DATA TO USE:

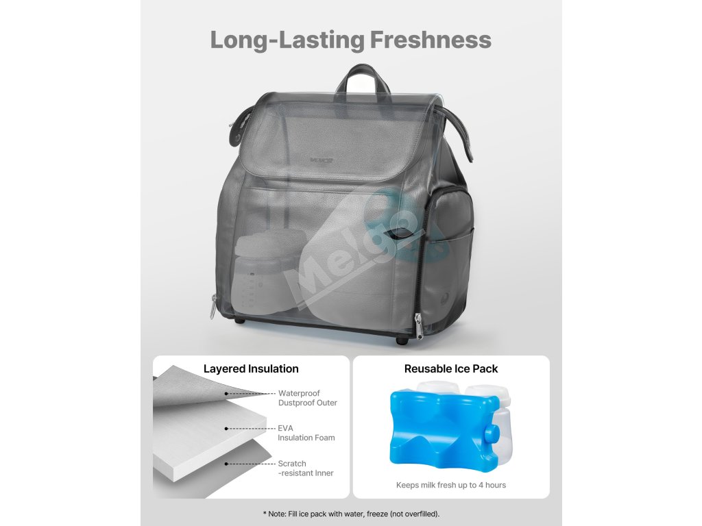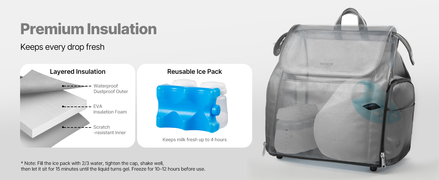 Priestor na uskladnenie mlieka je vybavený nepremokavým materiálom so silnou izoláciou, ktorá znižuje výmenu tepla s vonkajším prostredím. Vďaka priloženým balíčkom s ľadom naša cestovná taška na odsávačku materského mlieka udrží materské mlieko čerstvé až 4 hodiny.
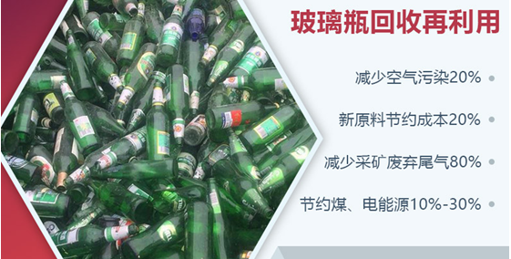 根据市场上统计,一吨废玻璃计算,就可以节约石英砂720公斤,少用纯碱250公斤,节约长石粉60公斤,节约煤炭10吨、电400度,而且一吨废旧玻璃回炉后,可再生2万个酒瓶,比利用新原料生产节约成本20%左右,数据稍微偏差。
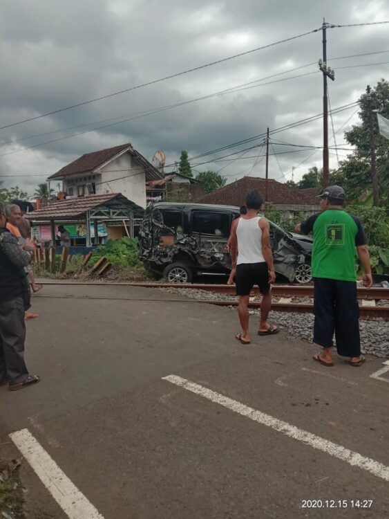 Sebuah mobil minibus berwarna hitam bernopol B 2069 TKG terseret sepanjang 10 meter di pintu lintasan kereta di Kecamatan Manonjaya, Kabupaten Tasikmalaya, Selasa (15/12/2020).
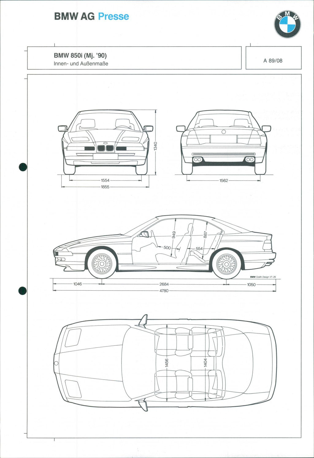 BMW 850i (1990 model year) Interior and exterior dimensions
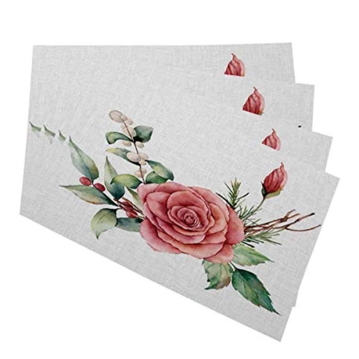 Pack Linge De Table U4ixs Napperons De Fleurs Roses Bouquet D Aquarelle Avec Rose Et Snowberries Tapis De Table Lavables Antiderapan Achat Vente Set De Table Cdiscount
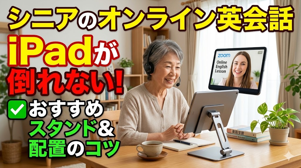 この記事では、オンライン英会話を頑張るシニア世代に向けて、なぜ専用のスタンドが必要なのか、画面をタッチしても絶対に倒れないスタンドの選び方、そして講師に「若々しく素敵な生徒さんだな」と好印象を与えるためのiPadの配置(カメラ角度)のコツまで、約5000字のボリュームで徹底的に解説します。この記事を読めば、機械への不安が一切なくなり、100%英語だけに集中できる極上のレッスン環境が完成するはずです。
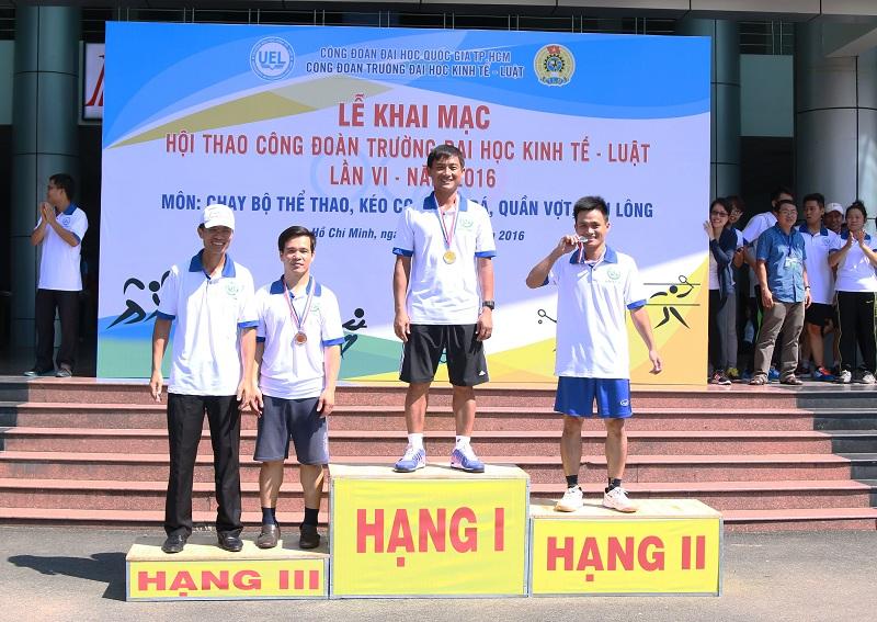 Ở môn cầu lông diễn ra vào ngày 27.11.2016, giải nhất đơn nam thuộc về Th.S Lưu Văn Lập (Phòng Kế hoạch - Tài chính); giải nhất đơn nữ thuộc về Th.S Lê Thị Kim Hiền (Khoa Hệ thống thông tin); giải nhất đôi nam thuộc về Th.S Đào Vũ Hoài Giang (Khoa Kế toán - Kiếm toán) và Th.S Nguyễn Duy Nhất (Khoa Hệ thống thông tin); giải nhất đôi nữ thuộc về Th.S Trịnh Hà Phương (Trung tâm Đào tạo quốc tế) và Th.S Đào Thị Anh Thư (Bộ môn toán).
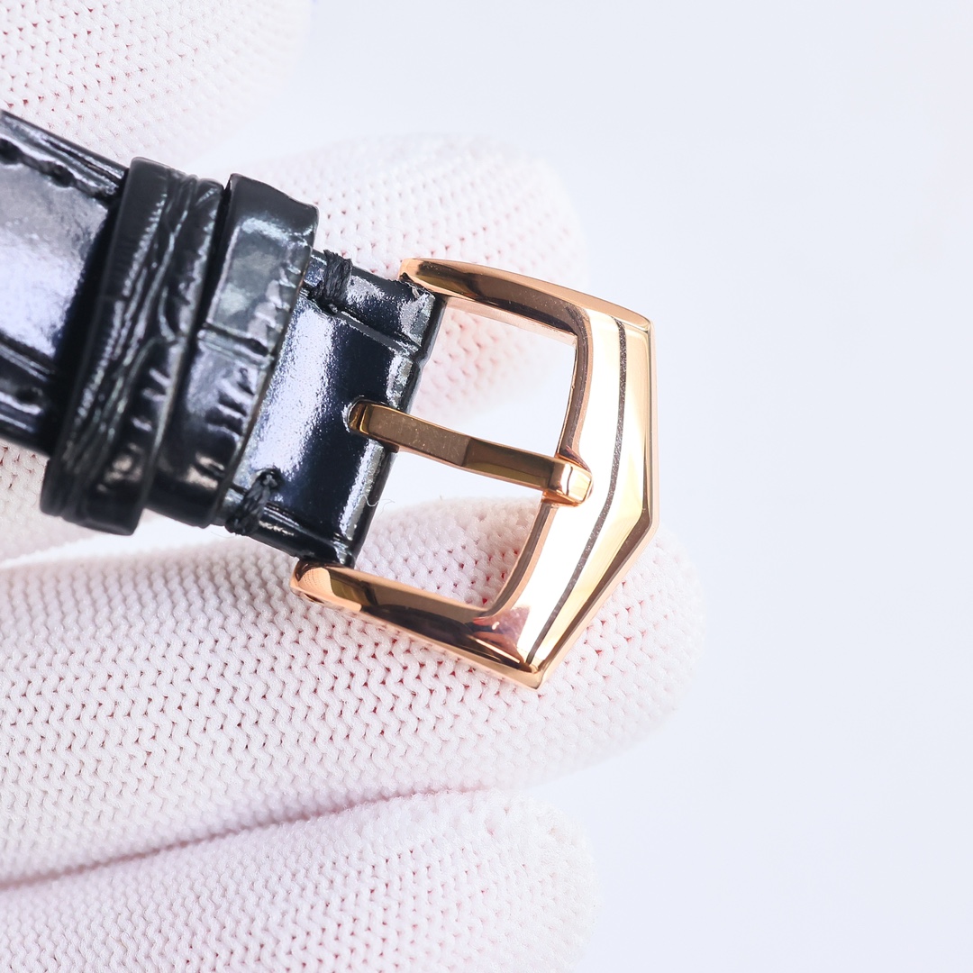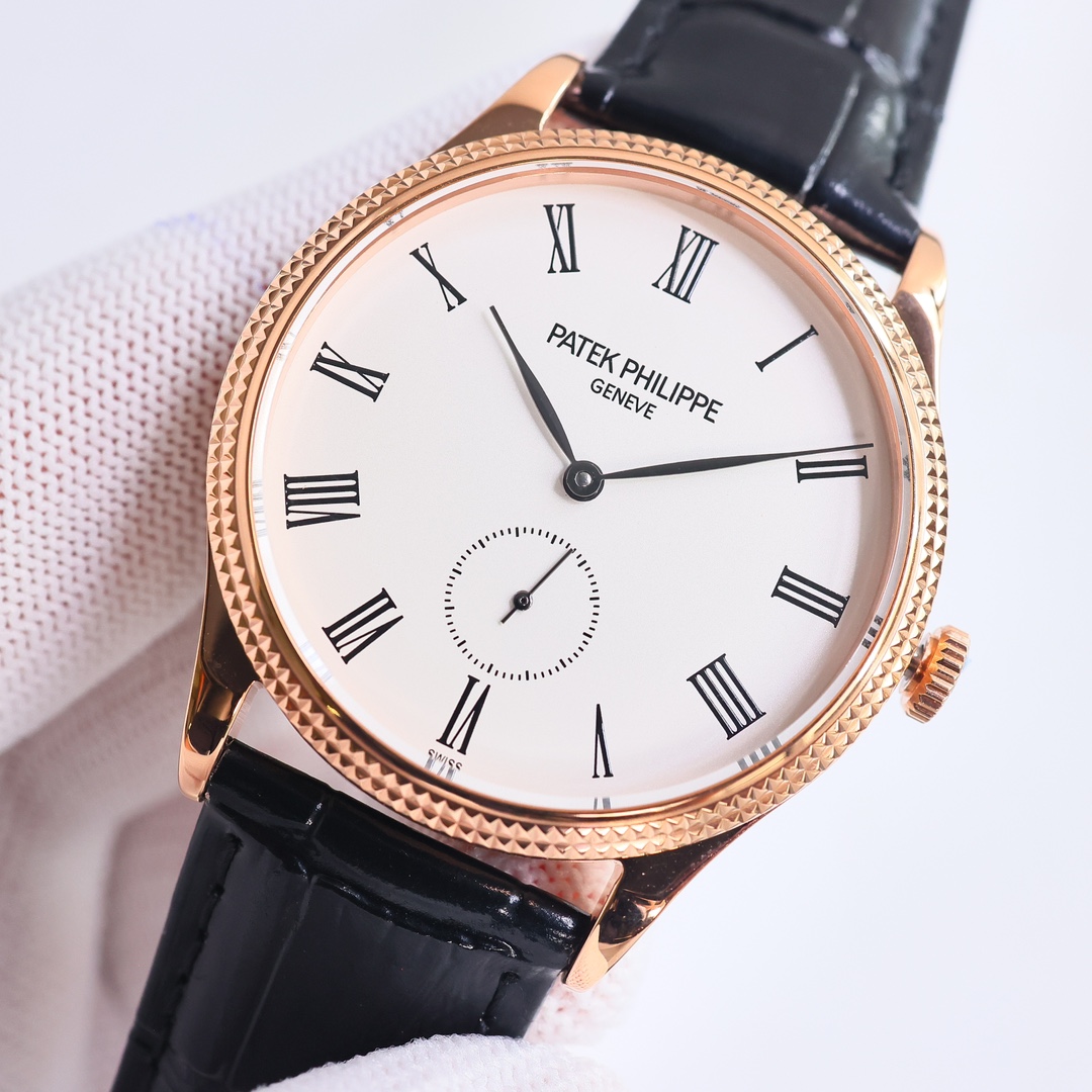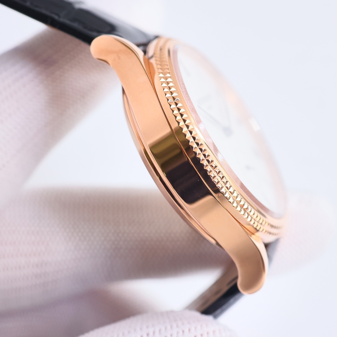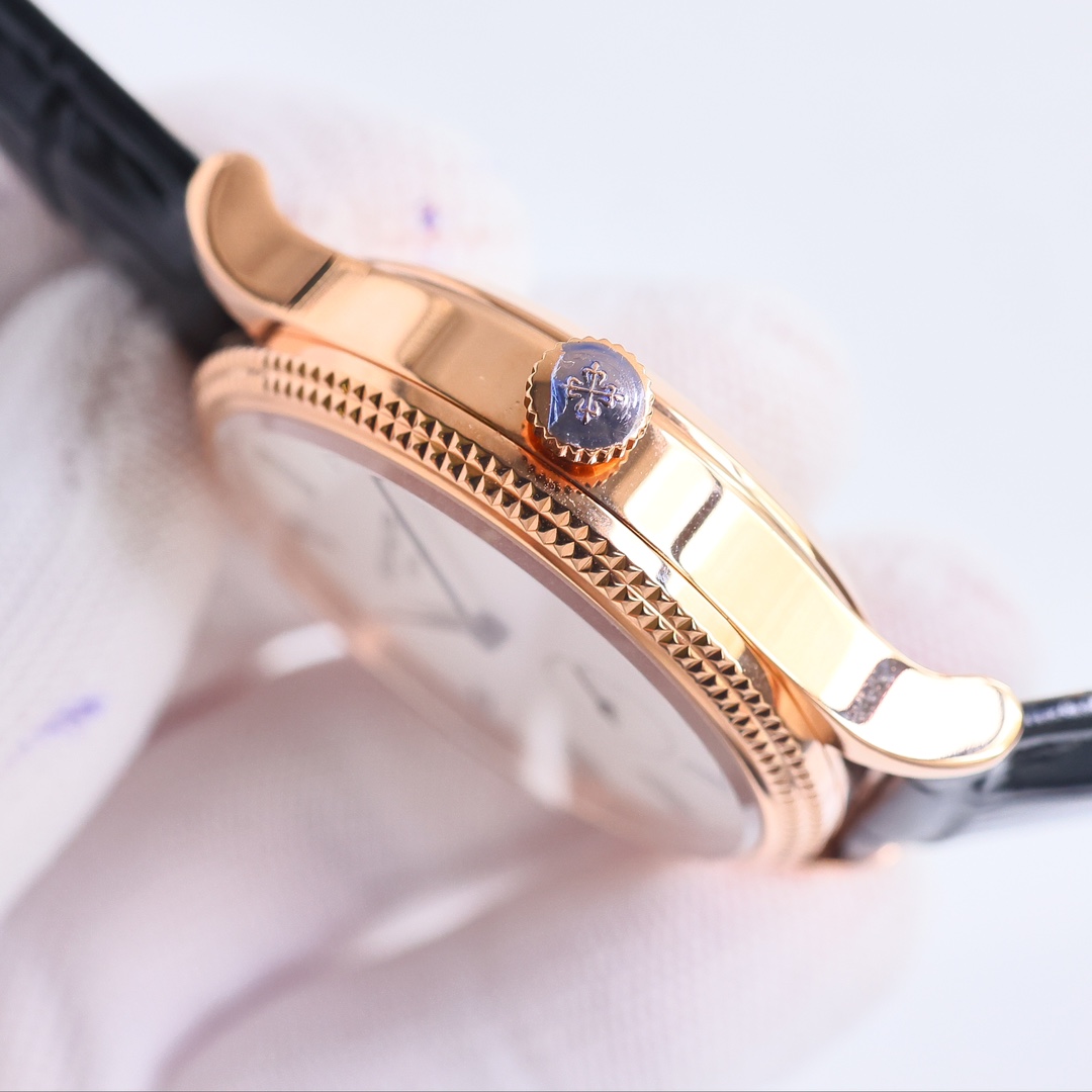Fühlen Sie die Essenz ewiger Schönheit in der Patek Philippe Calatrava 5119R/001 Replica. Die minimalistische 36-mm-Uhr mit einem eleganten weißen Zifferblatt, das römische Ziffern als Stundenanzeiger trägt, eingebettet in ein hochwertiges Gehäuse aus 18-karätigem Gold. Ein Hauch von Eleganz kommt auch vom schwarzen Armband, das sowohl zu Abendgarderobe als auch zur Freizeitkleidung passt. Angetrieben von einem Schweizer Automatikwerk sorgt sie dafür, dass sie rund um die Uhr mit jedem Schlag arbeitet. Das kratzfeste Saphirglas und eine Wasserdichtigkeit von 50 Metern garantieren, dass sie ebenso robust wie modisch ist. Die Uhr ist die ideale Kombination aus Erbe und Eleganz.

EXERCISE DESCRIPTION: Starting at the line above with "根据市场上统计,一吨废玻璃计", output every line exactly up to and including the line with "Pack Linge De", but none of the pictures.

ANSWER BELOW:
 根据市场上统计,一吨废玻璃计算,就可以节约石英砂720公斤,少用纯碱250公斤,节约长石粉60公斤,节约煤炭10吨、电400度,而且一吨废旧玻璃回炉后,可再生2万个酒瓶,比利用新原料生产节约成本20%左右,数据稍微偏差。
 Sebuah mobil minibus berwarna hitam bernopol B 2069 TKG terseret sepanjang 10 meter di pintu lintasan kereta di Kecamatan Manonjaya, Kabupaten Tasikmalaya, Selasa (15/12/2020).
 BMW 850i (1990 model year) Interior and exterior dimensions
 Pack Linge De Table U4ixs Napperons De Fleurs Roses Bouquet D Aquarelle Avec Rose Et Snowberries Tapis De Table Lavables Antiderapan Achat Vente Set De Table Cdiscount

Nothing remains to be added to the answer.